This week’s ‘Open Doors’ event – involving Parade Gardens and The Colonnades – has been a great success. You have until tomorrow to ‘explore the past, experience lost spaces, and engage with the future.’
It’s certainly a delightful and invigorating experience – however one local visitor, who wishes to remain anonymous – wasn’t delighted with everything they saw.

Those dreadful ‘lovelocks’ seem to be creeping back again. The photographs show some of the lantern mounts on Grand Parade.

This person writes:
“I worry about the damage caused to Bath’s historic spaces and ironwork by lovestruck padlockers (lovelocks).
We are struggling already with a rising tide of graffiti since lockdown: this just seems like another form of the same thing: Jin loves Chen, Mike loves Mia, Astrid loves Anders etc.
Why doesn’t Bath declare itself a padlock free city and make efforts to deter this behaviour, which seems to me like a form of graffiti that can cause long term damage?

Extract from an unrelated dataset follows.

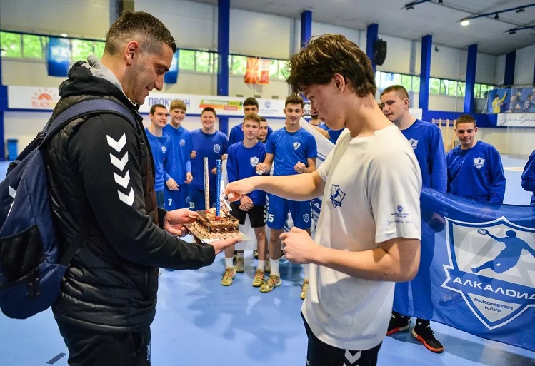 Лазаров утрово пристигна на тренингот на својот тим, каде беше изненаден од членовите на првата екипа, но и на младинските тимови на РК Алкалоид, кои со торта го пречекаа „шефот на струката“.

The Council spent time and our money removing the weight of padlocks from the historic little bridge in Sydney Gardens a while back, but you can see them still appearing all around the city and on the Bath Skyline. Many cities around the world have had to do the same thing.
Another more friendly option would be to provide a specific location/structure that people could be allowed to use.
I’m sure that IronArt could create something beautiful that could be placed somewhere in Bath specifically for the purpose, and then the old padlocks removed and recycled, and the structure refreshed every now and then!”
Sounds like a great idea but bear in mind that the combined weight of these things can cause collapse – as happened to a section of the bridge railings lining a ‘pont’ over the Seine in Paris.
I applaud the idea of having a dedicated place for the padlocks – it would then become a piece of artwork instead of graffiti !! How to police it though?